Unlike (ba)sh, those languages are not a DSL for manipulating processes and files. (Ba)sh is more accurately framed as an ancient DSL than as a general-purpose language that has now been exposed as subpar.
A shell script is designed with file operators, environment variables, file handle redirection, process control, pipes/ipc, etc as first class primitives. It's just far easier to write a shell script if all you need to do is manipulate some executable programs.
Number one reason is availability. Do all of your current and future targets have the right version of Ruby installed? What if you have a mix of python 2.7 and 3.6?
It really depends on target environment. At work? Sure, every single machine comes out of provisioning with Python 2.7 installed. For something that gets distributed to be used by other people? No way I'd trust anything but POSIX, and that's pushing it some days.

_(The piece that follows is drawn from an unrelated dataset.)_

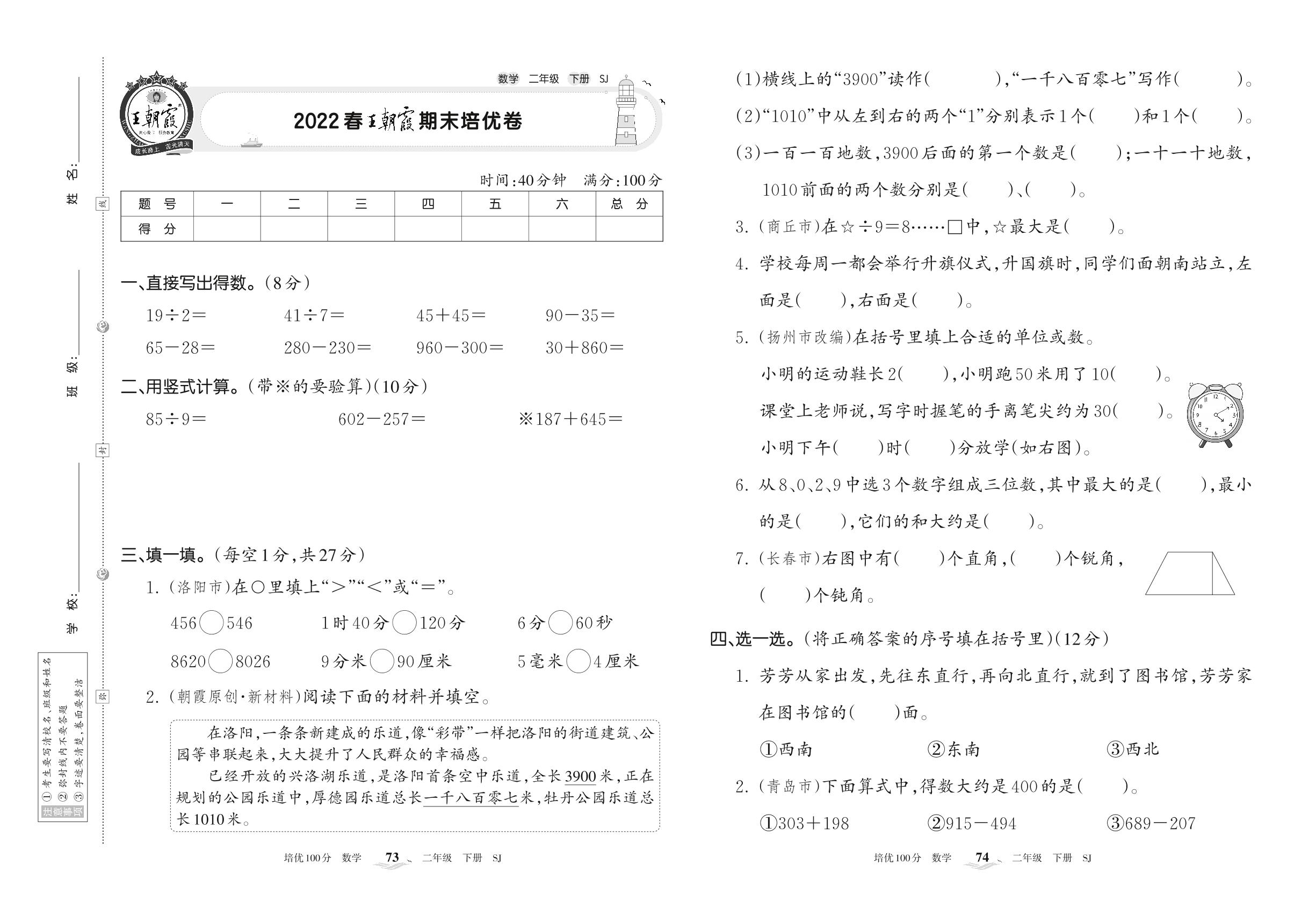 2022下册二年级数学苏教版 王朝霞期末培优卷

I'm strongly considering making it a point to do just that: include Ruby in all the images I can, just to not have to use Bash. For one-liners it's fine, but I don't get ten lines into a Bash script before missing scripting-language features. However, if someone were to try to talk me out of what they consider to be an absurd notion, I would be prepared to take their criticism seriously.

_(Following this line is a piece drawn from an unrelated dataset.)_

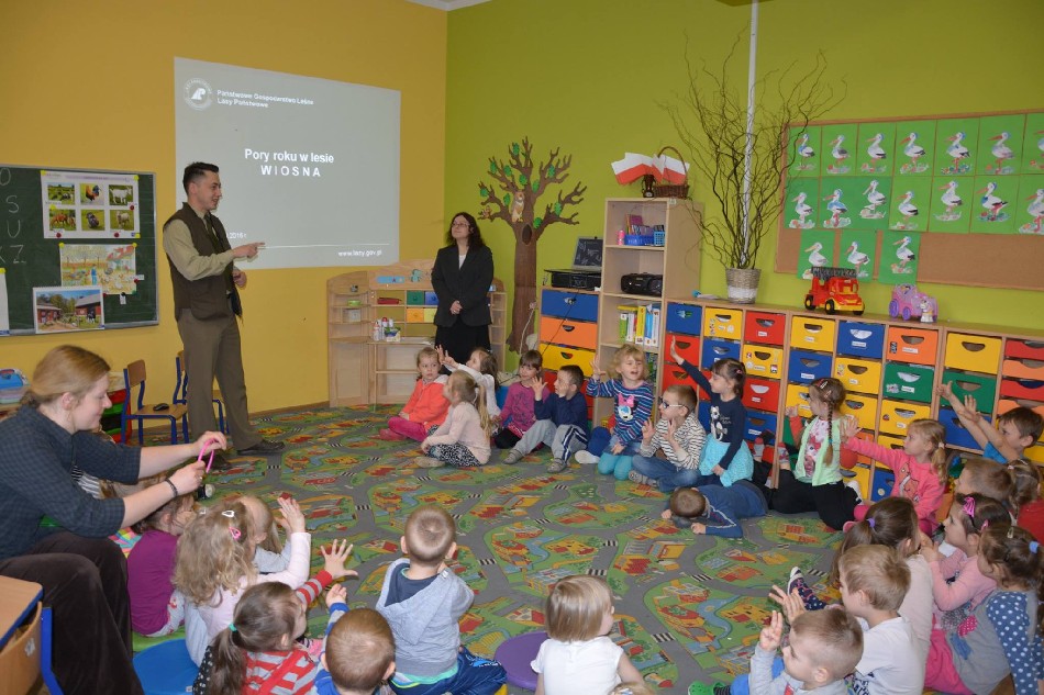 13 kwietnia przedszkole w Piotrowicach odwiedzili niezwykli goście z Nadleśnictwa Jawor: pan Dariusz Orda i pani Ewelina Kieres.
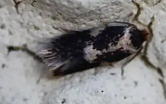 Die Falter zählen zu den Kleinschmetterlingen und erreichen eine Flügelspannweite von etwa 6 mm.[1] Ihre Vorderflügel sind überwiegend schwarz gefärbt und weisen an der Basis einen größeren weißen Bereich auf. Auf knapp halber Länge befindet sich am Flügelvorderrand ein weißer Fleck. Etwas weiter von der Flügelbasis entfernt befindet sich ein weiterer weißer Fleck am Flügelinnenrand. Die Hinterflügel sind hell-beige gefärbt. Die Schuppen am Vorderkopf sind orange-hellbraun gefärbt. Es gibt mehrere verwandte Arten, deren Falter ähnlich aussehen, insbesondere die Art Ectoedemia subbimaculella.[1]

I have multiple ~10 line POSIX shell scripts in my dotfiles. I also have a bunch each of Perl and Python ones [1]. I'd rather not rewrite my shell scripts with neither of that languages, or Ruby (which I like and use a bit).
When scripting, I find general-purpose languages are better when you have structured data (i.e. some JSON coming in) or you want to use libraries, and shell scripting better when you're wiring up multiple programs to work together, or starting up a program after setting up the environment for it.
IIRC, the FreeBSD sh(1) man page was a good entry to writing POSIX compliant, thus quite portable shell scripts.